• Entries supplied:
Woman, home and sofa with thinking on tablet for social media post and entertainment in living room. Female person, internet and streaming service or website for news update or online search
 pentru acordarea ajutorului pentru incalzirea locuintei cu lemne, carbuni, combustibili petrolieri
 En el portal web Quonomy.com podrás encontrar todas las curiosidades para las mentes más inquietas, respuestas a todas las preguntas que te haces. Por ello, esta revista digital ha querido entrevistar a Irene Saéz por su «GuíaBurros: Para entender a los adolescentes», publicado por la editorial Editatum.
==
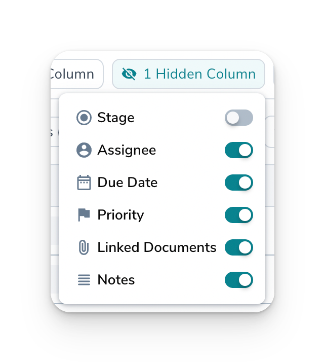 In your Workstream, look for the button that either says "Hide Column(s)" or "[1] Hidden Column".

• What needs to be done: Reproduce word for word the material above, starting with the line that has "Woman, home and" and stopping after the line that has "En el portal".

• Result for this task:
Woman, home and sofa with thinking on tablet for social media post and entertainment in living room. Female person, internet and streaming service or website for news update or online search
 pentru acordarea ajutorului pentru incalzirea locuintei cu lemne, carbuni, combustibili petrolieri
 En el portal web Quonomy.com podrás encontrar todas las curiosidades para las mentes más inquietas, respuestas a todas las preguntas que te haces. Por ello, esta revista digital ha querido entrevistar a Irene Saéz por su «GuíaBurros: Para entender a los adolescentes», publicado por la editorial Editatum.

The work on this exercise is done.